It was probably during this brief stay in Verona that Wilde was inspired to write the sonnet At Verona, published in the 1881 edition of his Poems.
After Verona Wilde goes to Milan with his friends, but, having spent almost all his money, he must return home. Before leaving, on June 25th, he visits Arona, the town of St. Charles Borromeo, on Lake Maggiore, and from there he goes, by coach, via the Simplon Pass, to Lausanne. On the 28th he arrives in Paris and continues his voyage back to his home in Ireland.
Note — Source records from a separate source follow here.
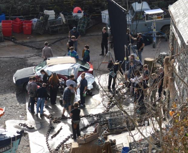 剧版《哈利·波特》今天在卡奇维斯拍摄了一个抓马的场景。据The Packet报道,拍摄先在卡奇威斯湾旅馆开始,随后转移到海滩,其中一辆汽车被渔船包围,还有身着传统西南风格的群演。目前天气晴朗,特效团队提供了人工降雨。据报道,该场景中,哈利可能和由贝尔·波利饰演的佩妮姨妈被一名持枪男子勒令下车(图1-6)。
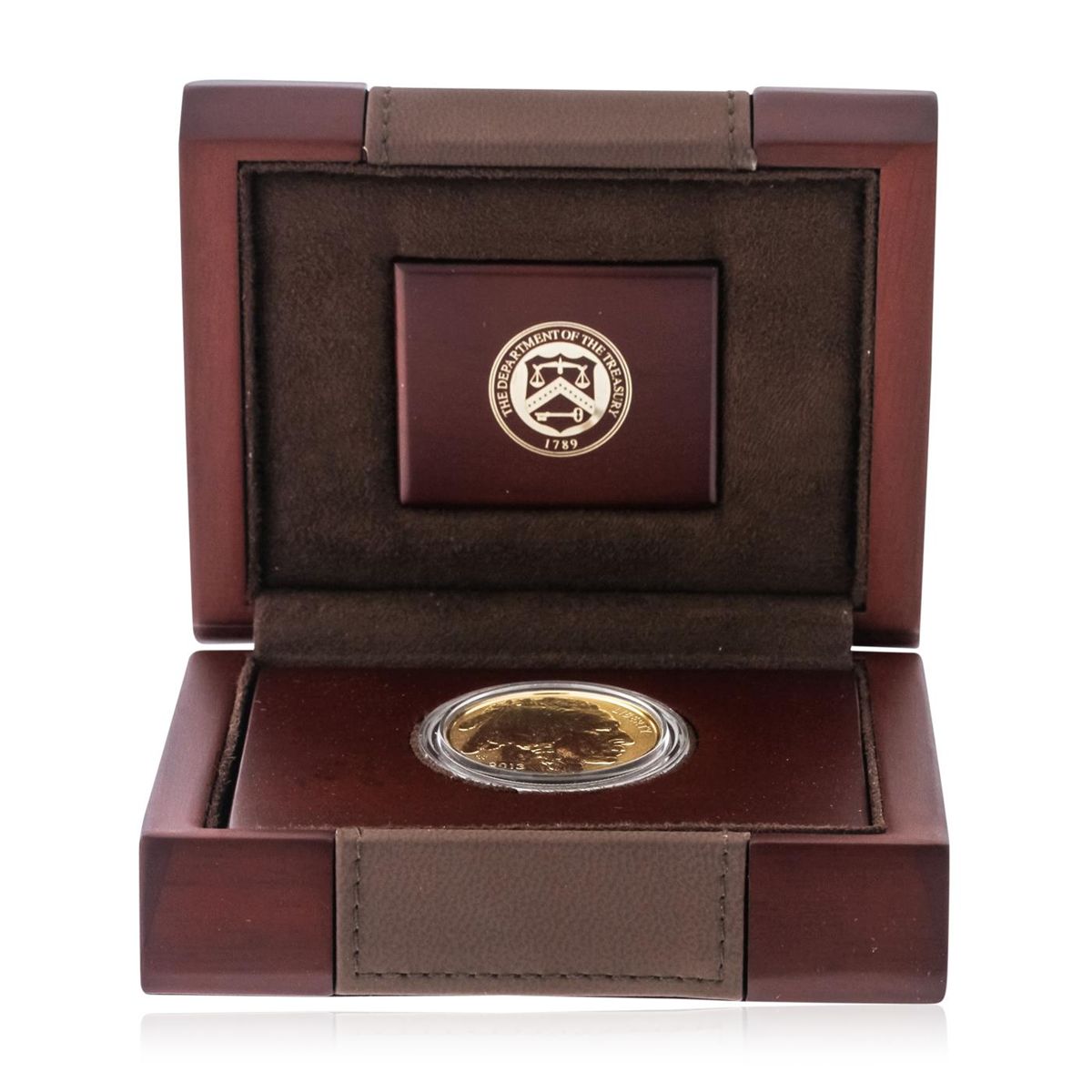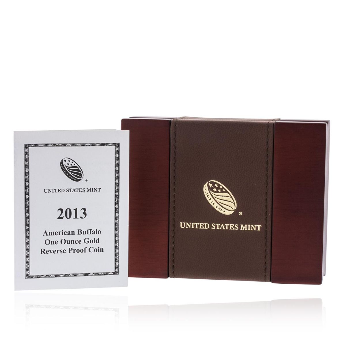 The 2013-W $50 American Gold Buffalo Reverse Proof gold bullion collectable coin is a product of the US Mint's facility at West Point and carries the "W" mint mark. Struck from .9999 fine, 24-kt. gold bullion--the purest of any United States gold coin--it contains a full troy ounce of the precious metal. This coin will come complete with the shown original leather and wood box directly from the U.S. Mint.
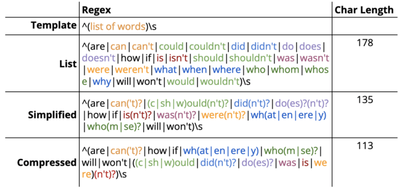 In the first column are the normal words and in the second column, the compressed regex.

OSCAR  WILDE’S  OTHER ITALIAN  JOURNEYS

March 1877: Wilde, Mahaffy, Goulding and another student called George Macmillan travel from London to Genoa, passing through Paris and Turin. From Genoa they reach Ravenna and then Brindisi where they board a ship for Greece. During their return trip, they arrive in Naples and from there they take the train to Rome, where they remain a few days. On the 28th or 29th Oscar Wilde is back in Oxford.

May-June 1894: Wilde, from Paris where he was staying, goes to Florence where, by chance he meets Andrè Gide, whose acquaintance he had made in Paris, and he visits the Anglo-Florentine writer, Vernon Lee (Violet Paget).

September 1897-February 1898: After leaving Reading Gaol in May, Wilde goes to Dieppe, France, but, in a few month’s time, he reaches Lord Alfred Douglas in Naples. They first go to live at the Hôtel Royal des Etrangers, then they rent Villa Giudice, in Posillipo. Wilde and Douglas visit Capri together. Douglas leaves and Wilde, who by now lives alone at the Palazzo Bambino, 31 Santa Lucia, goes to Taormina.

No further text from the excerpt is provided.